We must emphasize that the goal of this study was not to present a 'longer list' of identified proteins.  In other words, the MS platform chosen in no way limited the goals of our work. Rather, our study was designed to disclose the following:

1) Is the peptide precipitation protocol broadly applicable, or limited to a certain class of peptides (displaying specific amino acids, or over a set range of properties such as molecular weight).

2) Is the peptide precipitation protocol also applicable to 'real world', complex proteome systems?

The second question was in response to a concern by each of the three reviewers from round 1, and we feel it was an excellent suggestion to strengthen this manuscript.  The revised submission includes two such samples (yeast, plasma).  And the net result of this work was to add to the statistical confidence of our initial conclusions.

While the reviewer is correct that our study reported only a small fraction of the total proteins that are potentially present in the complex systems studied, as our study clearly demonstrates, these 'missing' proteins are not a function of limitations in our sample preparation.

The reviewer first asks whether the lacking proteins are a result of bias in the peptides precipitated. Our manuscript has clearly disclosed that some bias does exist: lower molecular weight peptides partition to a lesser extent into the precipitation pellet for example.  This does not imply that small peptides cannot be recovered - only that the smaller peptides show a statistically measurable drop in recovery.  From line 311, over 20% of identified peptides were below 1000 Da.  Figure 6 compares the molecular weight profile, as well as the hydrophobicity and pI of peptides recovered in the pellet vs supernatant. We observe statistically significant differences, and discuss that certain peptides show more favorable recovery depending on these properties. 

Most significantly, as shown in Figure 5, over 96 % of the MS-identified peptides were recovered in the pellet fraction. Given only minimal differences in their properties, this is clear evidence supporting that the vast majority of peptides are in fact recovered in the pellet fraction.  This complements the fact we observe over 90% yield, reported in Figure 4.

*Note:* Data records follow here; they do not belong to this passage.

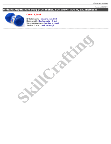Informacje o produkcie Utworzono 08-03-2017 Włóczka Angora Ram 100g (40% moher, 60% akryl), 500 m, 152 niebieski Cena : 8,39 zł Sk ill C ra ft in g Nr katalogowy : angora.ram.152 Dostępność : Dostępność - 3 dni Stan magazynowy : bardzo wysoki Średnia ocena : brak recenzji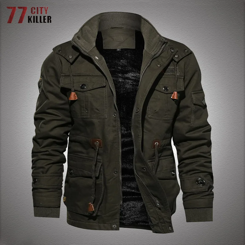 Зимняя Флисовая теплая мужская куртка, Толстая Повседневная ветровка с капюшоном в стиле милитари, мужские куртки-бомберы, парки-карго, верхняя одежда, мужская куртка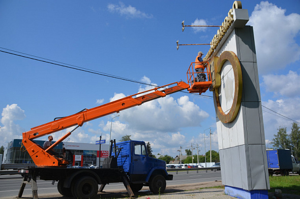 Подрядная организация управления благоустройства Администрации города завершает косметический ремонт стелы на въезде в Иваново со страны столицы.

The reviewer also speculates that the poor identification may be a function of poor pepsin digestion efficiency. One needs only to examine the list of peptides identified as evidence this is not the case. Our digestion protocol is based on literature recommendations.  Our group has performed detailed enzyme activity assays, and routinely examines the digestion products by SDS PAGE.  We also attempt to precipitate the sample in 80% acetone + 100 mM NaCl - a protocol which we have previously reported to recover "intact" proteins. The failure to recover sample in appreciable yield under these conditions (Figure 1) is another proof that our digestion was successful.

A far more likely explanation for the missing proteins relates to the limitations of the LC-MS/MS platform employed. This is inconsequential to the study. The reviewer's suggestion that our precipitation protocol is incapable of broad protein recovery is unsupported, since we have clearly demonstrated that the opposite is true.

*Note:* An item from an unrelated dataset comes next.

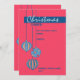 Trois ornements de Noël de style rétro orange et bleu, légèrement décalés par rapport à un arrière - plan rouge vif, un look sucré et différent pour les fêtes de Noël.

To ensure that the readers of this manuscript fully appreciate the limitations of the MS platform, we have revised the results and discussion to clearly describe the MS limitations, the goals of the study, and how the results should be interpreted.

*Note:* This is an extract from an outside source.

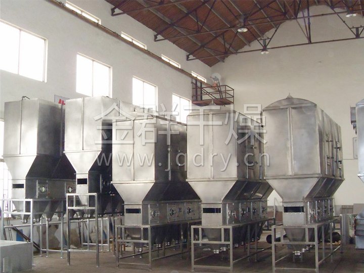潔凈的熱風(fēng)經(jīng)閥板分配進(jìn)入床體內(nèi),從加料器進(jìn)入的濕物料被熱風(fēng)形成沸騰狀態(tài)。由于熱風(fēng)與物料廣泛接觸,增強(qiáng)了傳熱傳質(zhì)的過程,因此在較短時(shí)間內(nèi)就可干燥。如用連續(xù)型,物料從床體的一頭進(jìn)入,經(jīng)過幾十秒至幾分鐘沸騰干燥,自動(dòng)從床體另一頭流出。本設(shè)備一般進(jìn)行負(fù)壓操作。

While advances in MS instrumentation have undoubtedly contributed to an explosion of growth in the proteomics field, reliable and unbiased sample preparation protocols are essential to the characterization. The peptide precipitation protocol described here is therefore an important contribution with relevance to those interested in low molecular weight peptide/ protein/ proteome profiling.

We thank the reviewer for their time, and their candid remarks, as they have once again provided us an opportunity to strengthen the presentation of this work.

Reviewer 3 Report

No further comments

Author Response

We thank the reviewer for their many helpful suggestions and assistance in clarifying the presentation of our results.